Tomcat - Servlet response blocking - problems with flush

不想你离开。 提交于 2019-12-05 18:22:43

Your server code looks fine. The problem is with your client code. It does not obey the HTTP protocol and is treating the response like a bunch of lines.

Quick fix on the server. Change to:

    sb.append("An additional line to see when it turns up on the client.\n");

Your client is blocking because you are using readLine to read the body of the message. readLine hangs because the body does not end with a line feed. Finally Tomcat times out, closes the connection, your buffered reader detects this and returns the remaining data.

If you make the change above (to the server), This will make your client appear to work as you expect. Even though it is still wrong.

If you want to do your own HTTP parser, you have to read through the headers until you get two blank lines. Then you need to scan the headers to see if you had a Content-Length header. If there is no Content-Length then you are done. If there is a Content-Length you need to parse it for the length, then read exactly that number of additional bytes from the stream. This allows HTTP to transport both text data and also binary data which has no line feeds.

I recommend you replace the guts of your client code HTTP writer/parse with a pre-written client library that handles these details for you.

LOL Ok, I was doing something wrong (by omission). The solution to my issue? Add the following header to my http request,

Connection: close

That simple. Without that, the connection was staying alive. My code was relying on the server signifying that it was finished, but, the server was still listening on the open connection rather than closing it.

The header causes the server to close the connection when it finishes writing the response (which I guess is signified when its call to doPost(...) returns).

Addendum

With regard to the funky characters when flush() is called...

My server code, now that I'm using Connection: close, does not call flush(). However, if the content to be sent back is large enough (larger than the Tomcat connector's buffer size I suspect), I still get the funky characters sent back and the header 'Transfer-Encoding: chunked' appears in the response.

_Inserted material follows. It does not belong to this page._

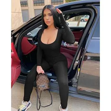 Show moreStep into style and comfort with the GOKATOSAU Women's Sexy Long Sleeve Bodycon Solid Outfits Club Rompers Jumpsuits. This exquisite black bodysuit romper is designed to flatter your figure, boasting the perfect blend of 92.5% polyester and 7.5% spandex to provide a stretchy, breathable fit. Whether you’re gearing up for a casual day out or dressing to impress for an evening event, this versatile piece has got you covered. The high waist and slim fit allow for an elegant silhouette, while the scoop neck detail adds a touch of sophistication. Its long sleeves make it suitable for various occasions and provide a stylish statement during both warm and cooler seasons.

To fix this, I explicitly call, on the server side, response.setContentLength(...) prior to writing my response. When I do this, the Content-Length header is in the response instead of Transfer-Encoding: chunked, and I don't get the funky characters.

I'm not willing to burn any more time on this as my code is now working, but I do wonder if the funky characters were chunk delimiters, where, once I explicitly set the content length, the chunk delimiters were no longer necessary.